Back to the proverbial baby elephant that is forbidden from trumpeting when its mother does, it is no longer news that godfathers in Nigeria politics are almost entangled in fisticuffs with their political godsons, who they always believe must remain a faithful Man Friday, to his own detriment and calamity of the people. Apart from the allegation made against Wike that he wanted to choke, dominate, gag and control Fubara to have access to the resources of the state, the grandiose political termagant personified in Wike, as prophesied by Ayo Fayose, has seen him confirming his unwillingness to surrender his political structure in Rivers State to his successor, and now former ally, in whom he was well pleased. The belligerence of Wike has paid off up until now, as the grandstanding presidential candidate of the PDP, Atiku Abubakar, eventually got humbled by the decision of the Supreme Court that upheld the victory of Tinubu.
The one time simmering frosty relationship between Wike and Fubara recently attained a conflagration in the Rivers State House of Assembly Complex that was turned to a contentious space for attacks and counter-attacks. From the bombing of the complex to the suspension of the former Leader of the House; from the notice of impeachment on Fubara to the emergence of the suspended Leader as the new Speaker of the House of Assembly; from the harassment of Fubara and his supporters who attempted to march on the Assembly Complex to the alleged removal of the Chief Judge, keen watchers were reminded that River States politicians are not only colourful in their appearance, youthfully rugged in physicality, but sternly courageous in seeking and retaining access to commonwealths. It was good that Fubara was willing to confront the monsters he saw in his tormentors, damning the consequences of his possible removal or martyrdom, provided the people, and not tyrants, are the winners.

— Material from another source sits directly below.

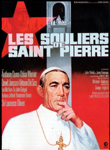 Ce que les années ont pu faire de Kiril Lakota méritent tous les éloges! Etre pape, c'est le plus grand honneur qu'il pouvait recevoir de ses pairs car Lakota a servi la foi et l'a défendu corps et âme! D'un secours inestimable, cet archevêque ukrainien deviendra pape malgré tout! On pouvait craindre le pire (Anthony Quinn en soutane blanche) Or, il n'en ai rien! L'acteur de "La Strada" et de "The Guns of Navarone" s'en sort avec les honneurs! Au point de mettre certaines critiques à genoux pour la sobriété de son interprétation! Tirè du roman de Morris West, "The Shoes of the Fisherman" est un film visionnaire même si on a dit dans le passé que le londonien Michael Anderson - à qui l'on doit le somptueux "Around the World in Eighty Days" - avait complètement raté l'adaptation de West! Composition remarquable de Quinn et reconstitution très réaliste, jusque dans les tenues! Laurence Olivier, Oskar Werner et David Janssen sont en revanche bien ternes, laissant finalement Quinn bien seul (telle la solitude du pape au Vatican) au niveau de l'interprétation! C'est anecdotique mais on peut souligner que Vittorio De Sica reprend en quelque sorte le rôle d'ecclésiastique qu'il avait tenu dans le film de Gianni Franciolini, "Ferdinando I re di Napoli"... Incapable de faire un film sur le moment présent, Anderson nous donne ici une œuvre visionnaire et pas innocente du tout. Imaginer un pape soviétique, dix ans avant le premier pape non-italien depuis des siècles, et avec des idées révolutionnaires (un peu dans tous les sens du terme), c'était un sujet chargé et le dérapage était facile (j'aimerais d'ailleurs bien savoir ce qu'en a pensé le Vatican). Pourtant, quitte à faire un peu d'anachronisme, je n'hésiterai pas à décrire le film comme une merveille de worldbuilding : médias, sociopolitique, dilemmes du sécularisme, tout est exploré et condensé en une seule expérience cinématographique. Anderson a toujours su faire un mélange très harmonique de petite et de grande histoire, et il est particulièrement réussi dans ce cadre papal où l'intimisme vaticanais rencontre les rapports de force internationaux. Mis à part l'hypothèse d'un pape communiste et du poids que cela pourrait avoir dans la diplomatie mondiale, le film reste plus que compréhensible et carrément pertinent aujourd'hui. Confirmé dans sa maîtrise du blockbuster avant que les blockbusters existent, Anderson est un réalisateur visionnaire à ne pas manquer. Au début les présentations et les petits soucis de la vie papale arrive à intéresser le spectateur, les artistes j'allais dire! les acteurs sont parfaits, mais ce qui me fait mettre un cinq c'est que toute cette première partie vous prépare à la plus belle des gifles avec la rencontre du pape et du dictateur chinois, Tout le film sert à ce dénouement, fort en émotion et donnant la leçon à la bienpensance occidentale.

We cannot forget in a hurry how Evans Bapakaye, an audacious member of the Rivers State House of Assembly led an invasion of the house in July 2013, with other four members of the House alleged to have contemplated removing the then speaker, Otelemaba Amachree, and later the governor, Rotimi Amaechi. The mace, which is the symbol of authority of the legislature, became desecrated and duplicitously abused, to perform legality in illegality and for physical assault in the violated hallowed Chambers.

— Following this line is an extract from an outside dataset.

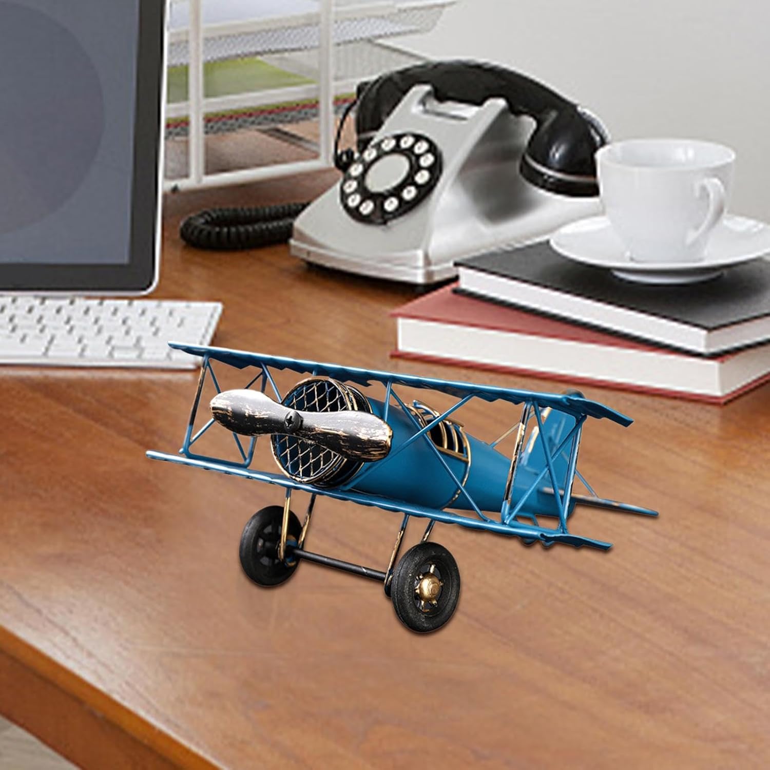 Beautifully crafted vintage biplane design for unique decor: This diecast airplane model is styled with intricate details and a classic retro look, making it a standout decorative piece for home, , or special event settings like Christmas or birthdays Durable metal iron construction for lasting appeal: Made from good-quality iron materials, this airplane sculpture ensures robustness and resistance to wear, maintaining its charming vintage aesthetic over time as a collectible or display item Compact and lightweight design for versatile placement: The sculpture’s manageable size allows for easy display shelves, desks, coffee tables, or mantels, making it a versatile addition to various decor styles, from rustic to modern retro themes Perfect gift for aviation enthusiasts and vintage decor lovers: This classical biplane model is an ideal present for birthdays, Christmas, or other special occasions, offering a thoughtful and timeless gift choice for anyone with a passion for aviation or nostalgia Adds a touch of historical charm to your space: With its elegant design and retro , this biplane aircraft model blends functionality and style, bringing a unique and sophisticated accent to living rooms, bedrooms, offices, or creative spaces

As the interest of the masses gets submerged by the factional struggle for political structure and economic relevance in Rivers State, Wike should be reminded that too much embellishment would vitiate the tastefulness of his soup, not minding his culinary skills. He and his political estranged son, Fubara, should note that Nigerians nay Rivers’ people now have fewer things to cook, given the stultifying economic situation in the country. Wike should be reminded that empires do not last forever, and that his political relevance in 2027bwould not be as potent as it was in 2023. Between the mother and the baby elephant, only time would tell which would trumpet more, and enduringly.